How many triangles are in your mesh? Does the size seem like too much for the geometry, or is the main problem figuring out how to render a large geometry on a 4GB GPU?

There are some factors that can affect your memory consumption. You may need extra memory to support OPTIX_BUILD_FLAG_ALLOW_RANDOM_VERTEX_ACCESS. You will need extra memory to support motion blur. If you’re using motion blur with more than 2 keyframes, you can use fewer keyframes to reduce memory, at the cost of a potentially lower quality blur. There might also be some memory savings if you were to use OPTIX_GEOMETRY_FLAG_REQUIRE_SINGLE_ANYHIT_CALL.

The memory usage after compaction is sometimes as much as 2x smaller, but not always. If that is true, then you might be able to fit this mesh into memory with 6.5 / 2 = ~3.25GB, but it’s also possible that the compacted size is close enough to, or greater than, 4GB, which means you won’t be able to render it easily. To state the obvious, of course, the easiest option may be to figure out how to get your hands on a GPU with 8GB or more.

There are also more complicated strategies for rendering when geometry doesn’t fit completely in memory. (I am thinking of this for example: GPU-Motunui · Render blog) However, any such strategy will still require breaking large meshes into individual pieces that can fit on the GPU.


Thanks a lot of the prompt reply!

I am not using GPU for rendering. I am using it in order to perform ray shooting from a set of points my non-gpu code computes. In other words, I am using GPU in order to find out the closest mesh triangle that a ray intersects.

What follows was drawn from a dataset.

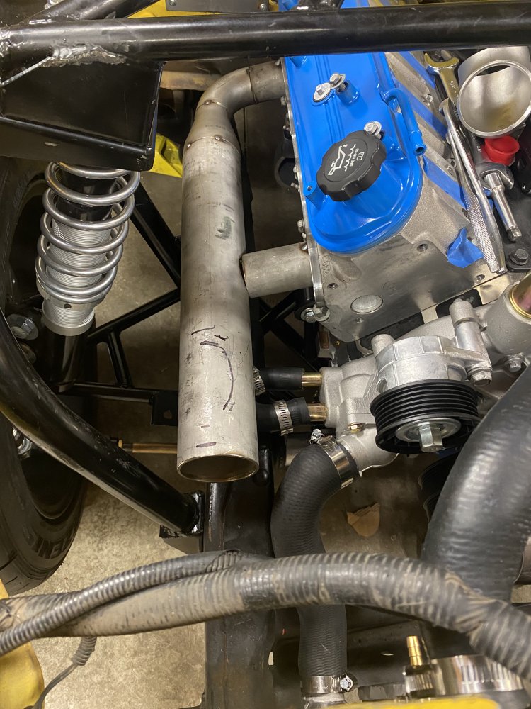 I built my turbo manifold to come straight out off the head and you can see it’s just above the heater hose connections.

Strategy (2) is not allowed as you have already guessed.

When it comes to strategy (1), allow me to ask you: will ray shooting give the same results if I split the mesh into multiple pieces? In other words, will the “instancing” technique combine the pieces together in a way such that the ray shooting is not performed on each separate piece, but always the closest hit among all pieces is computed?

Yes, splitting the mesh and using instancing will produce in most cases exactly the same results as using the combined mesh, with one very small caveat. As long as you’re using an index buffer for your mesh (as opposed to passing vertex triplets to OptiX without an index buffer) then your triangles will be “water-tight” meaning that the rare rays that strike an edge or vertex precisely will be guaranteed to choose one of the associated triangles, and not accidentally miss and pass through the mesh. This does not happen very often, and normally is not a large concern, but if you split meshes then it does open the possibility that rays can occasionally sneak through the seams in between the different pieces of the mesh. In practice this is not something you’re likely to see, but if you are doing high precision calculations and need an absolute guarantee that all rays will hit the surface, then it is worth considering.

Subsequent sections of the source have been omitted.